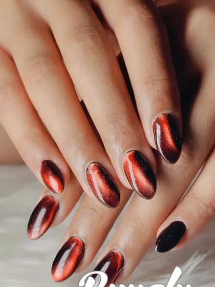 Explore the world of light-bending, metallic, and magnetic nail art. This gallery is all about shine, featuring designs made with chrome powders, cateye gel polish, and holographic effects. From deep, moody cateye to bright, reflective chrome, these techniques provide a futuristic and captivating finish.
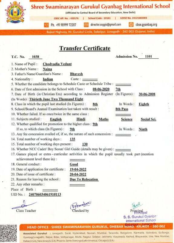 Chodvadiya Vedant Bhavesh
---
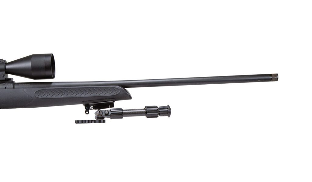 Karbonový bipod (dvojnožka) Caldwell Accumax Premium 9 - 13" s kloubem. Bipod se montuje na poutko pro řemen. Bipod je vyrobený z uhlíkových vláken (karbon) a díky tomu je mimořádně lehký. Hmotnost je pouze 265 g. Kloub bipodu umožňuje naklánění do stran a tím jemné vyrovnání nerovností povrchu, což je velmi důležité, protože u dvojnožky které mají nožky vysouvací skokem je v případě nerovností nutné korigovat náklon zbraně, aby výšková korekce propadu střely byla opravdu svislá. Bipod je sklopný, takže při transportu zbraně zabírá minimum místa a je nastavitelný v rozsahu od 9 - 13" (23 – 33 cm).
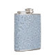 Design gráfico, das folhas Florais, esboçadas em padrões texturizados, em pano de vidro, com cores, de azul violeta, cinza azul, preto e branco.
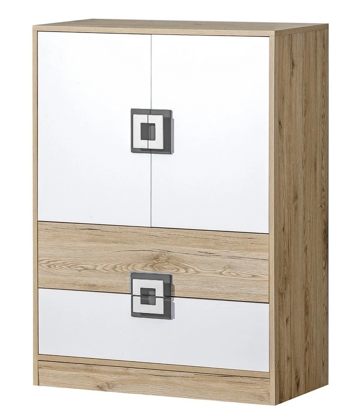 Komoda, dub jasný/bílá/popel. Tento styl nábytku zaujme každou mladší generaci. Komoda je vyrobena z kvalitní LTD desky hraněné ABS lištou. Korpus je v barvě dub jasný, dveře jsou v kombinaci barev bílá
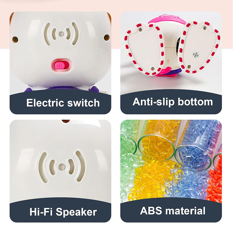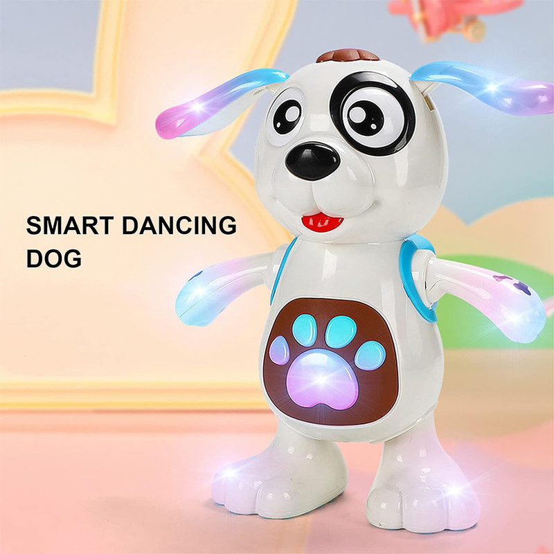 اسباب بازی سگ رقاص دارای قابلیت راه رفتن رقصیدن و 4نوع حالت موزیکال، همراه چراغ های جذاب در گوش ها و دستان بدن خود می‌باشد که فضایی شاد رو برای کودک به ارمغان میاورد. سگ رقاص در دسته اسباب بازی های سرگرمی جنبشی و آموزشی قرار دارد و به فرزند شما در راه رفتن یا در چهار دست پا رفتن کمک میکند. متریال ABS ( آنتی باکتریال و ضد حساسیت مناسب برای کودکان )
...
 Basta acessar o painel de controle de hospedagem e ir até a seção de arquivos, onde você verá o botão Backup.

◆ **EXERCISE BRIEF**: Extract from the material above the stretch running from the line containing "Karbonový bipod (dvojnožka)" through the line containing "Komoda, dub jasný/bílá/popel.". Keep the text exact and the pictures out.

◆ **ANSWER SECTION**:
 Karbonový bipod (dvojnožka) Caldwell Accumax Premium 9 - 13" s kloubem. Bipod se montuje na poutko pro řemen. Bipod je vyrobený z uhlíkových vláken (karbon) a díky tomu je mimořádně lehký. Hmotnost je pouze 265 g. Kloub bipodu umožňuje naklánění do stran a tím jemné vyrovnání nerovností povrchu, což je velmi důležité, protože u dvojnožky které mají nožky vysouvací skokem je v případě nerovností nutné korigovat náklon zbraně, aby výšková korekce propadu střely byla opravdu svislá. Bipod je sklopný, takže při transportu zbraně zabírá minimum místa a je nastavitelný v rozsahu od 9 - 13" (23 – 33 cm).
 Design gráfico, das folhas Florais, esboçadas em padrões texturizados, em pano de vidro, com cores, de azul violeta, cinza azul, preto e branco.
 Komoda, dub jasný/bílá/popel. Tento styl nábytku zaujme každou mladší generaci. Komoda je vyrobena z kvalitní LTD desky hraněné ABS lištou. Korpus je v barvě dub jasný, dveře jsou v kombinaci barev bílá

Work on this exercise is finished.